2. A written report from Verizon with the results of their fraud investigation. They told me that it would be within 14 days of when I called (6/22). On 7/7, I called and they clarified that is was (14) business days, and that no one had been assigned to the case yet.

I have now received a letter from UCB. Below is their response, along with about 30 pages of unpaid phone bills (Dec-March).

07-01-10 1-800-867-3104

My Name MyCase #
My Address

BALANCE: $1328.40

To Whom It May Concern,
Please review the enclosed information that you requested pertaining to this account(s) currently placed with our agency for collection.

If you should have any questions regarding this matter, feel free to direct your inquiries to our office at the telephone number above.

This is an attempt to collect a debt by UCB, INC., a debt collector, and any information obtained will be used for that purpose.

Very truly yours,
United Collections Bureau, Inc.

I contend that UCB has not provided everything that I am requiring. The main missing piece of documentation is something “showing I agreed to pay what you say I owe”.

My plan is to not respond to UCB, but to wait until VZW is finished with their investigation, and find out if they will call off UCB if and when they determine it is fraud. If they will not, I will have to consider other options.

I have thought briefly also about going after the fraudster, but the hassle-factor is probably not worth it. The unpaid phone bills have given me a lot of new information.
1. I have exact address and phone numbers on the account.
2. I can see 2 Blackberry’s were purchased (one on 12/10 & one on 12/16).
3. The service plans for the phones were cancelled on 1/23/10 (Probably never used and sold?).

I just spoke to the VZW fraud department again to find out where the letter is (got Sabrina again). She said they are running behind, and that it would be an additional 14 business days. I asked to speak to a manager, she forwarded me, and I got her voice mail. I left a message requesting a call back. Nice company.

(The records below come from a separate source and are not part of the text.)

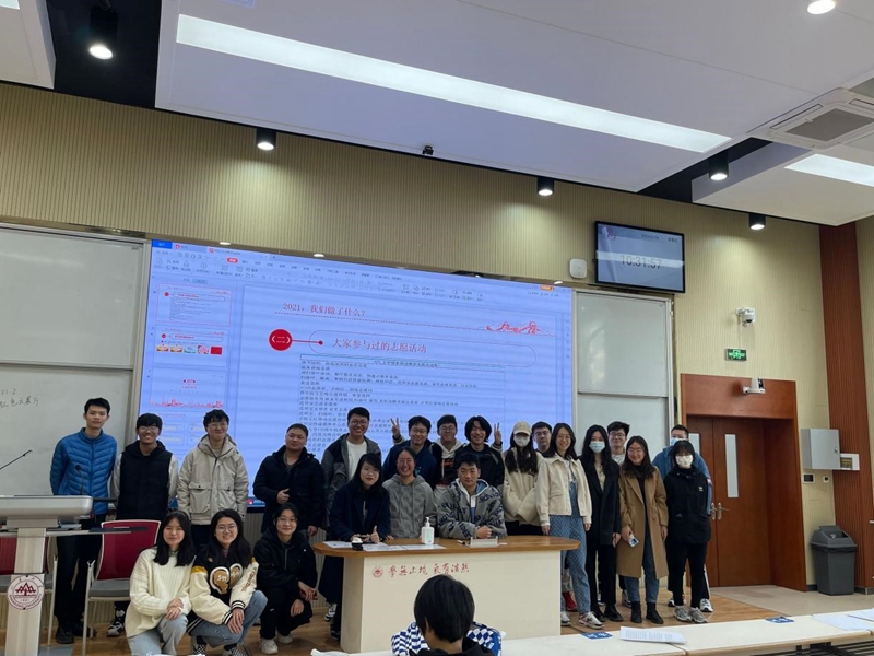 接着,许宁钰根据近几周的团支部工作情况总结了相关事宜,先点出了上学期开展的班级集体活动,包括各种班会以及团日活动,肯定了同学们的思想觉悟,然后展示出同学们填写的上学期参加的志愿活动,并根据大家的志愿活动情况对假期社会实践白皮书的相关事项进行总结,最后鼓励大家多为班集体作出贡献,也为接下来的团支部升级答辩准备材料。
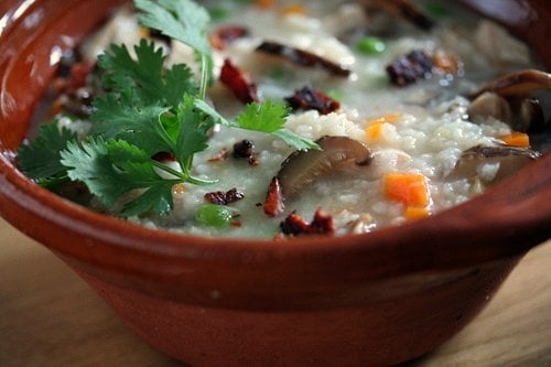 I have no idea why this rice soup goes by several names, but I learned to make it when I worked in a restaurant that served southeast Asian and Chinese food, back in San Francisco, from one of my co-workers. (She told me jook mean โarcherโ in Chinese, which had some connection to the dish, but I donโt recall exactly why.) No matter what you call it, itโs a simple, nourishing soup/porridge made from rice. You can add whatever you like to it; dried (soaked in hot water until soft) or fresh mushrooms, crisp or soft bacon, meat, shrimp, and frozen or fresh vegetables like peas and carrots. The fresh ginger gives it some zip but if you donโt have it (and yes, I know itโs not the same flavor) but some dried ground ginger will liven it up. I like a hint of fish sauce stirred into it, too.
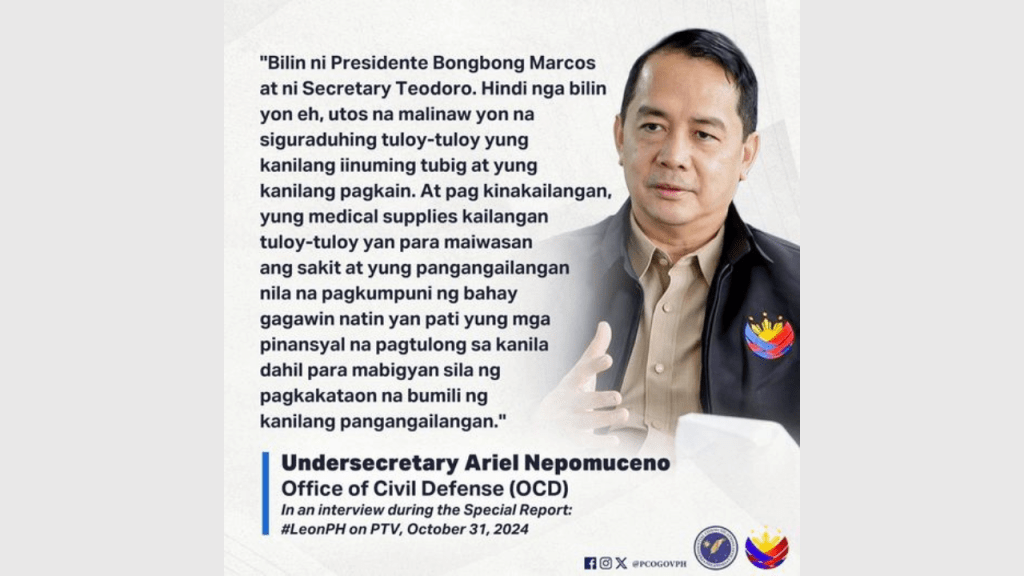 “Handa naman ang pamahalaan kasi nakalatag ang mga programs ng gobyerno bago dumating o pag dumating na ‘yung bagyo. Kahit na ang dinadanas natin at ang dinanas natin [ay] talaga namang malawak na kalamidad, maaasahan n’yo ang pamahalaan natin sa pagtutulungan ng lahat ng ahensya ng gobyerno,” OCD Undersecretary Ariel Nepomuceno said over PTV-4.
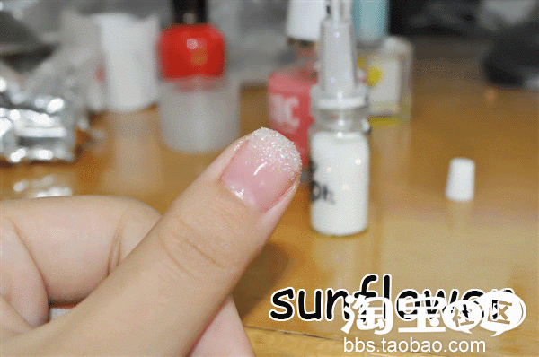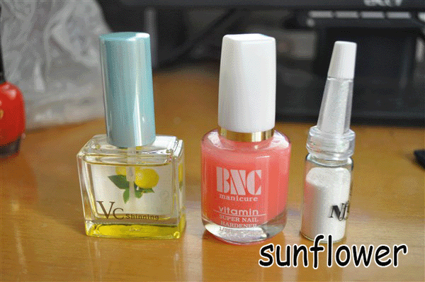 1.VC亮油(柠檬的~超香) 2.底油 3.吹粉(市面上有很多颜色)
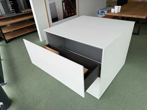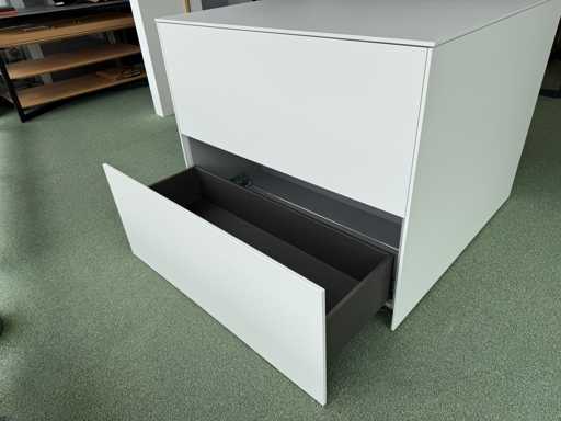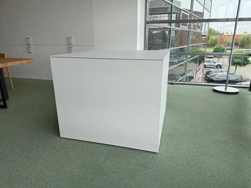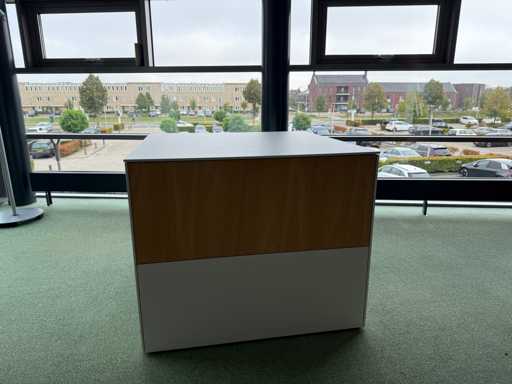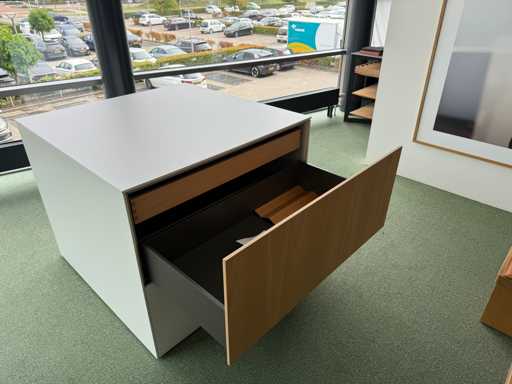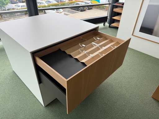 blocco isola separato; blocco di preparazione; in parte plastica, in parte impiallacciatura; dotato di piano in laminato; Fronti a terra
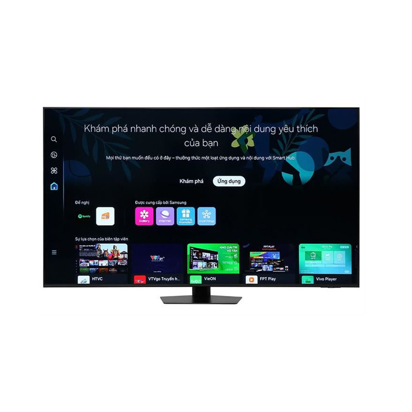 Hệ điều hành Tizen mở ra kho ứng dụng phong phú như Netflix, YouTube, Spotify hay VieON, FPT Play, dễ dàng tìm kiếm giọng nói tiếng Việt. Multi View chia màn hình để xem đồng thời hai nguồn, hữu ích cho theo dõi thể thao song song với chat.
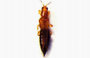 雄成虫:体较雌虫略小,体长0.9〜1.0mm,体黄色,腹部第三至七节腹片有横腺域。
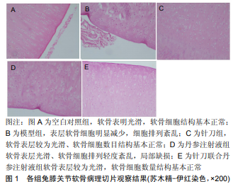 干預(yù)結(jié)束后,麻醉下耳緣靜脈空氣栓塞處死動物。切開關(guān)節(jié)囊,暴露脛骨、股骨軟 骨面,大體觀察兔膝關(guān)節(jié)軟骨面情況。
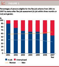 The proportion of unemployment benefit recipients grew with time from 10% in 2001 to 46% in 2007. In the same period, the number of flex job eligible persons rose from 8,520 to 10,343. The gender distribution also changed during this seven-year period: women’s percentage share rose from 58% to 65% (Figure 1).
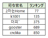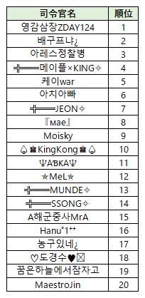今回のエピックバトルで上位1~20位に入賞された司令官の方々を下記のとおり発表いたします。
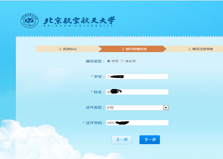 4、输入 学号 姓名;证件类型里,选择护照输入证件号码;点击 下一步
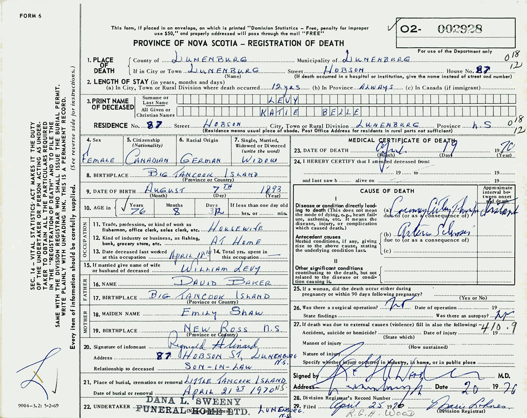 21. Place of burial Little Tancook Island
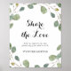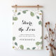 Essa caligrafia de eucalipto compartilha o sinal de hashtag de amor é perfeito para um casamento ou chá de panela rústico. A design apresenta galhos e folhas de eucalipto verde botânico desenhados à mão. Personalize a placa com a hashtag de casamento.
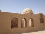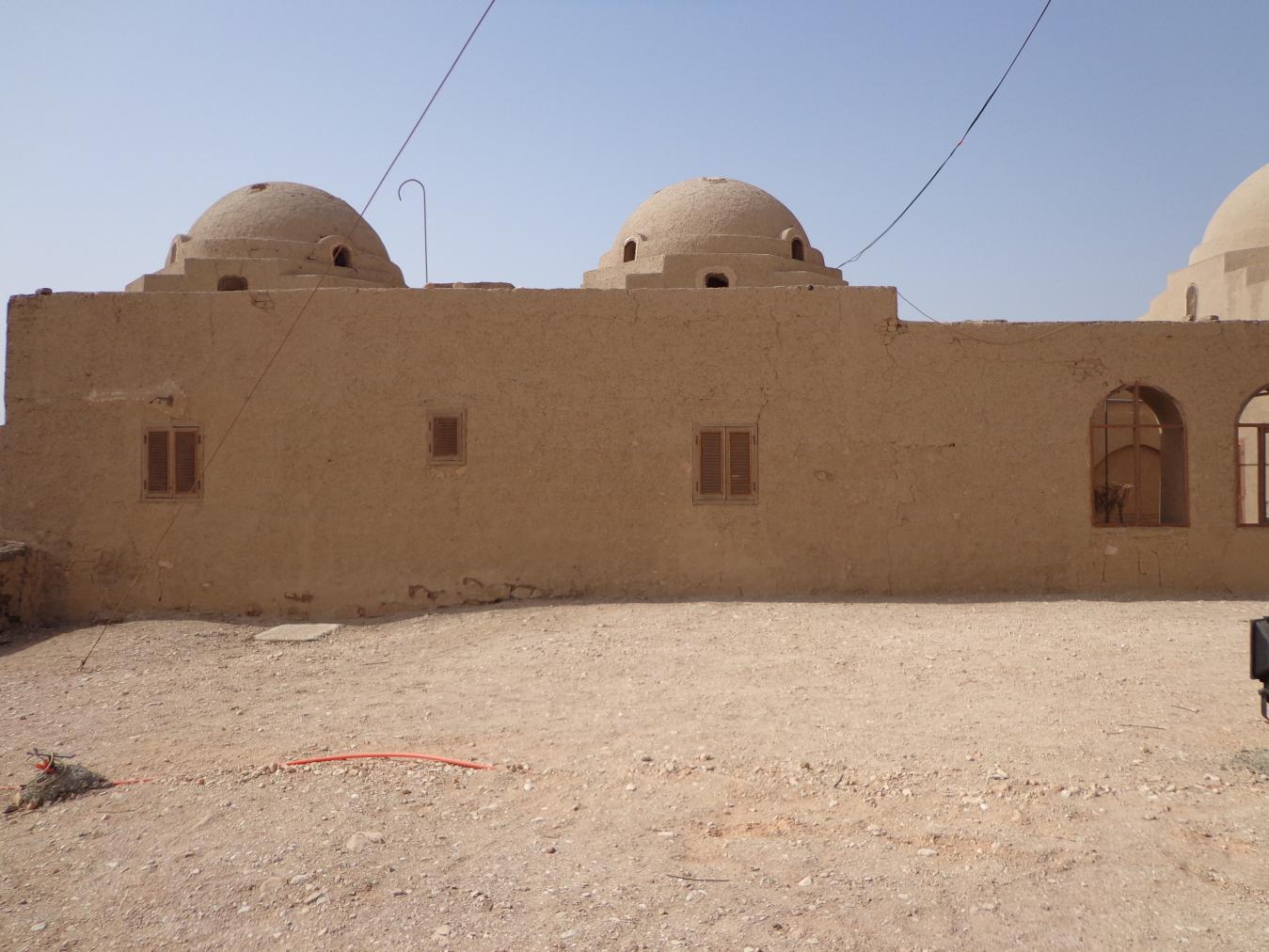 The Stoppelaere House is a complex composed of a sprawling house surrounded by three courtyards and a portico or garden on the south side of the house. Hassan Fathy designed it to function as both a private house as well as use for archaeological study. Bedrooms are situated on both extremes of the house, with the common areas, office, and drafting room arranged in the middle. A large dome, punctuated by small arched windows covers the common room, while two smaller domes, also punctuated by small arched windows, each cover a bedroom in the north east corner of the house. The domes are comprised of stepped squinches, giving the base of the domes their signature square shape. A flatter dome covers the courtyard in the south west portion of the house. Interior rooms have barrel vaulted ceilings, and several doorways are also barrel vaulted.
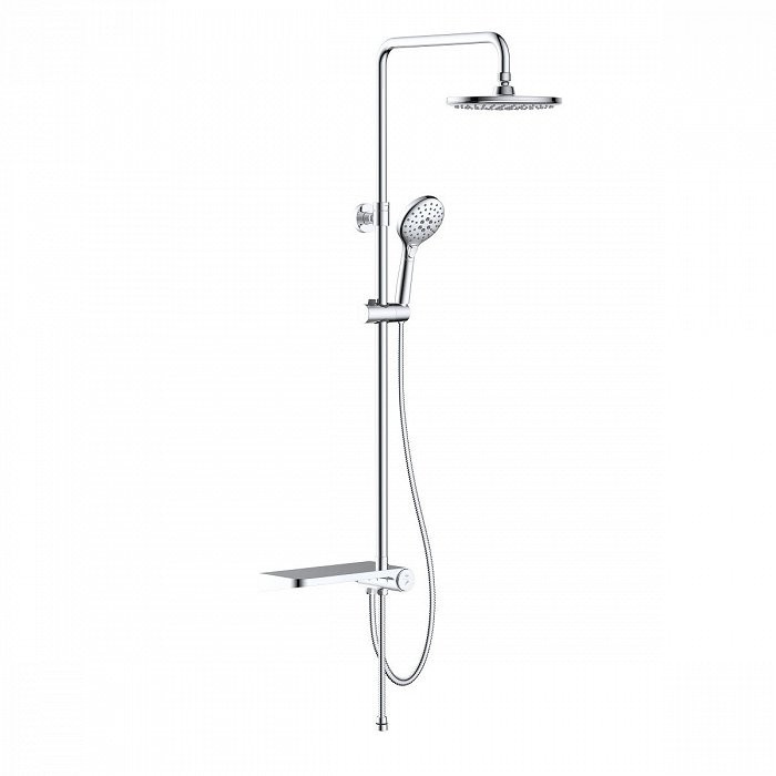 Душевой гарнитур с верхней лейкой. Хромированная полка и хромированные лейки.
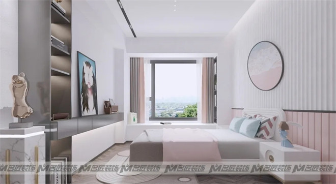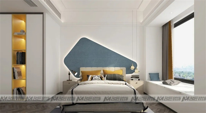 黑白灰不應(yīng)該是永遠(yuǎn)的百搭色,我們的眼睛需要另外一種更加治愈的顏色。設(shè)計師運用時髦的亮黃色與藍(lán)色,讓專屬于孩子的睡眠空間溫暖而有時尚感。整體在軟裝和墻體的條型的映襯下格外明朗。
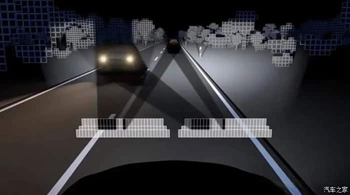 具体来看,车辆行驶过程中可以通过摄像头来识别前行车辆和对向来车,在几分之一秒内通过关闭或者变暗呈矩阵布置的个别LED来改变光的分配,说白了就是在光束中去掉照到前行车辆和对向来车的光,从而达到既照亮了前方的路又不会晃到别人的效果。
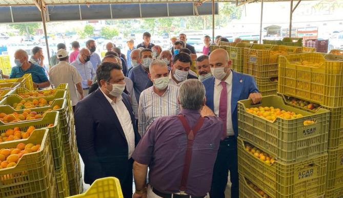 Başkan Şeker, MHP Mersin Milletvekili Olcay Kılavuz, Baki Şimşek, MHP Mersin İl Başkanı Zeynel Uğur Gölgeli, MHP Mersin İl Başkan Yardımcısı Mustafa Düzenli, MHP Mut İlçe Başkanı Alparslan Savaş Kır, MHP Kadın Kolları İlçe Başkanı Ayşe Çetin, Ülkü Ocakları Eğitim ve Kültür Vakfı Mut İlçe Başkanı Mustafa Keskin ile birlikte Mut Sebze Meyve Toptancı Halinde bulunan esnafı ve üreticileri ziyaret etti.
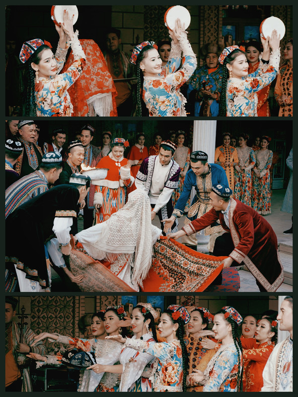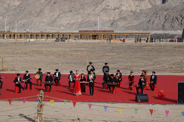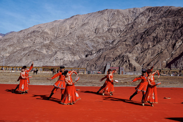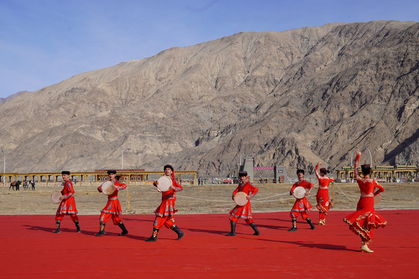 以山为幕、地为席,一块红毯就是大自然中最耀眼的舞台。悠扬的塔吉克族民歌、代表塔吉克族精神的鹰舞接连上演。
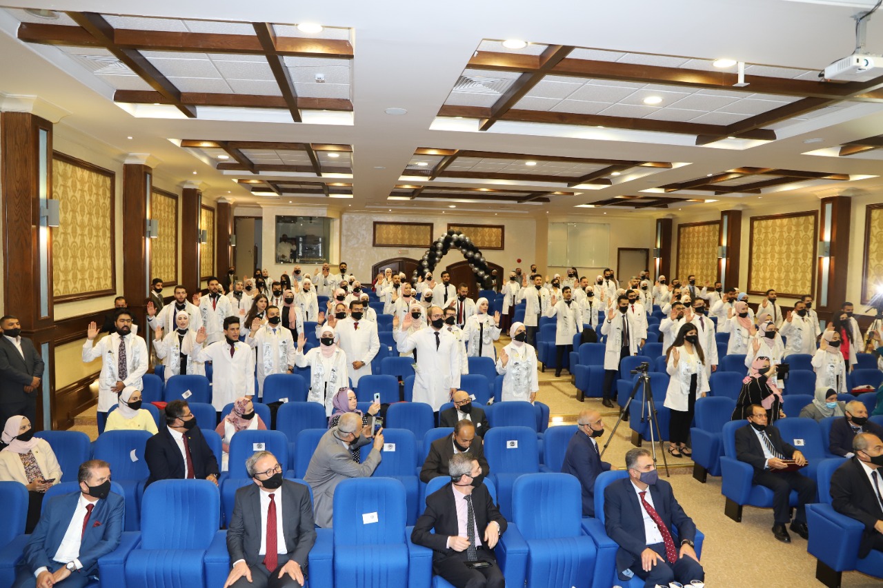 وقال الدكتور الزعبي لقد انتهت المرحلة الدراسية لكم بكل ما فيها من عسر ويسر، وانتم الذين اخترتم هذا المسار المهني في الجامعة حيث اشتملت مسيرتكم على صقل الشخصية وتطوير المهارة التي لم يبخل عليكم فيها استاذتكم الافذاذ مزودين إياكم بالعلم والمعرفة وناقلين لكم خبراتهم التي اكتسبوها من كافة المؤسسات الطبية المحلية والعالمية، موجها الشكر إلى الخدمات الطبية الملكية ووزارة الصحة على كافة التسهيلات التي قدموها للطلبة.
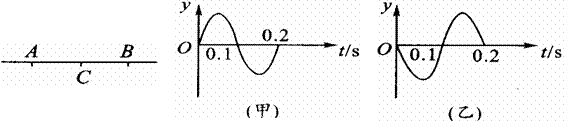如图所示,在一条直线上两个振动源A、B相距6m,振动频率相等.t0=0时刻A、B开始振动,且都只振动一个周期,振幅相等,其振动图象A为(甲),B为(乙)。若A向右传播的波与B向左传播的波在t1=0.3s时相遇,则
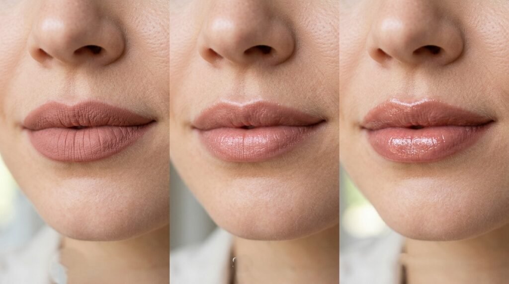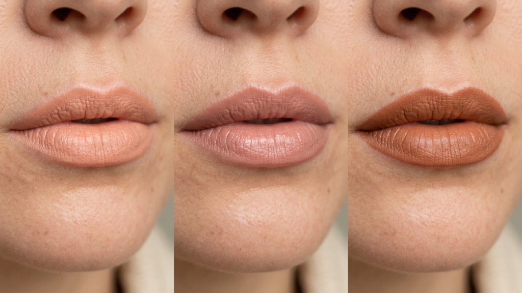 Lipstick finish affects the final look. Matte nudes offer a bold, smooth appearance, satin finishes provide soft shine, and creamy textures give comfort and moisture. Choosing the right finish enhances overall lip aesthetics.
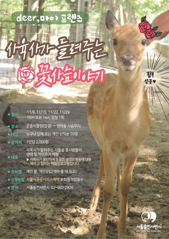 사육사가 들려주는 꽃사슴이야기프로그램By pg2018년 11월 03일Leave a comment사육사가 들려주는 꽃사슴이야기를 들으며, 서울숲에 사는 사슴과 친구가 되어 보아요 ▶ 사육사가 동반하여 동물의 생태와…
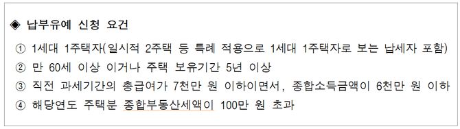 1세대 1주택자 중 고령자 또는 장기보유자 가운데 종부세가 100만원이 넘고 연간 소득이 일정 이하인 경우 납부유예를 신청할 수 있다. 신청기한은 12월 12일까지다.
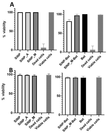 Finally, the hydrodynamic sizes and distributions of the particles were determined by NTA and DLS (weighted for number and intensity, Figure S5). The SiNPs displayed an intensity-weighted mean hydrodynamic size of 99.0 ± 42.4 nm (SiNPs), 114.5 ± 58.9 nm (SiNP_M), and 108.0 ± 46.4 nm (SiNP_A) by DLS, which were in good agreement with NTA (Table 1). The intensity-weighted values and distributions (Figure S5A–F) show that for most of the particles, small agglomerates were abundant in suspension, whereas the number-weighted distributions (Figure S5G–I) indicate the presence of still non-agglomerated particles, since their sizes match the values obtained from TEM (Figure 1). From all the characterization data, it can be concluded that the functionalization worked efficiently and both the functionalized and SiNPs exhibited a hydrodynamic size of about 100 nm in dispersion.
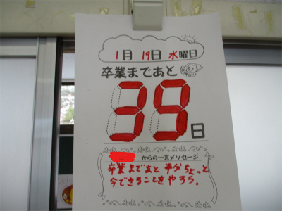 1月19日水曜日。6年生があと登校する日にちは39日となりました。

Just got a call back from the investigator assigned to the case. She said that she has determined that it was fraud, the credit agencies have been notified, a not responsible letter will be sent and UCB will be notified. Wow...something that they couldn't get to in 16 business days was cleared up in less than an hour after leaving a message with a manager. I guess I am done with the exception of monitoring my credit reports.